Ich war bisher immer der Meinung, dass wir vorwiegend intelligente Politiker in Berlin haben, die zudem genügend Geld aus Steuermitteln erhalten, um auch für qualifizierte Mitarbeiter in ihren Abgeordnetenbüros zu sorgen. Aber auch im Büro eines Mitgliedes des Finanzausschusses konnte man mit dem Begriff des „grauen Kapitalmarktes“ nichts anfangen. Da ist man natürlich über die getroffene Entscheidung des Finanzausschusses zum Thema Immobiliencrowdfunding nicht mehr verwundert.
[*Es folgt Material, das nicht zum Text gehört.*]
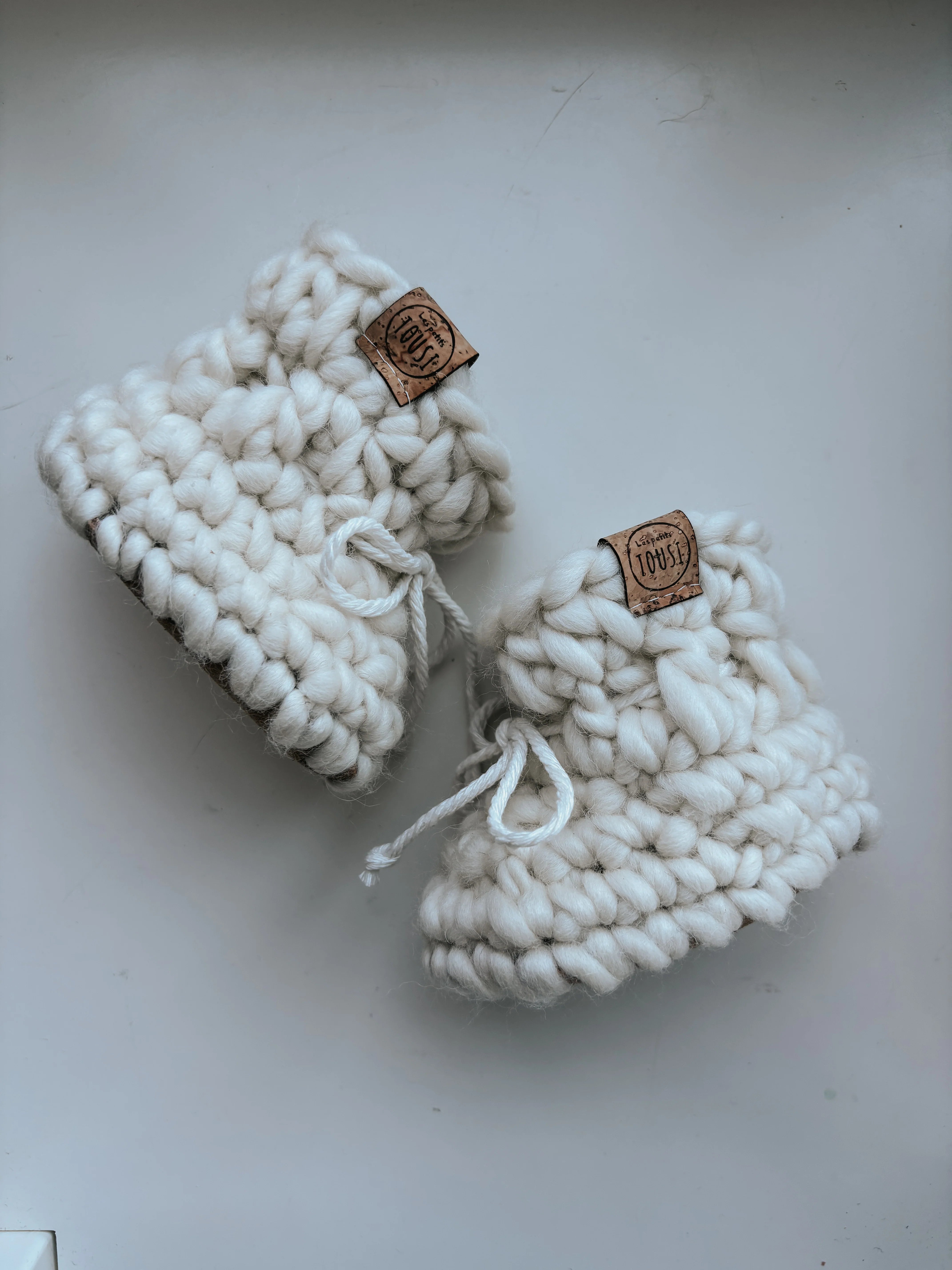 Magnifiques petites pantoufles crochetées à la main, fabriquées avec une douce laine de mouton et alpaga péruvienne 100% naturelle, renouvelable et biodégradable. Leurs semelles, quant à elles, sont fabriquées à partir de retailles de cuir véritable doublé en peau de mouton. Non seulement ces petites pantoufles sont adorables, elles sont également antidérapantes pour les petits pieds qui apprennent à marcher en plus de tenir très bien en place grâce à un petit cordon de coton à la cheville.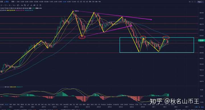 以太坊从前期的连续上扬结构,转为三角震荡,跌破瀑布后驶入震荡走势,震荡高点位为235附近,前期定位的235~240作为压力带,依旧有效。短线上还有机会上攻,中期上按照目前的分析,没有有效企稳240以上,中期以高空为主的思路。

Über Jahre hat die Politik eigentlich versucht, den „grauen Kapitalmarkt“ trocken zu legen, wofür das Kleinanlegerschutzgesetz ein wichtiges Instrument war. Nun wissen wir ja alle, dass sich in Deutschland 10.000 betroffene Personen bemühen, ein Gesetz korrekt einzuhalten, aber 100.000 suchen nach Schlupflöchern bzw. Auslegungsmöglichkeiten, um einen Vorteil zu haben bzw. auf angestammte Dinge nicht verzichten zu müssen. In einer Anhörung des Finanzausschusses diskutierte man nun, ob auch das Immobiliencrowdfunding so weiterlaufen soll, welches die Politik übrigens zu keinem Zeitpunkt im Sinn hatte, als sie das Thema Crowdfunding im neuen Kleinanlegerschutzgesetz geregelt hatte.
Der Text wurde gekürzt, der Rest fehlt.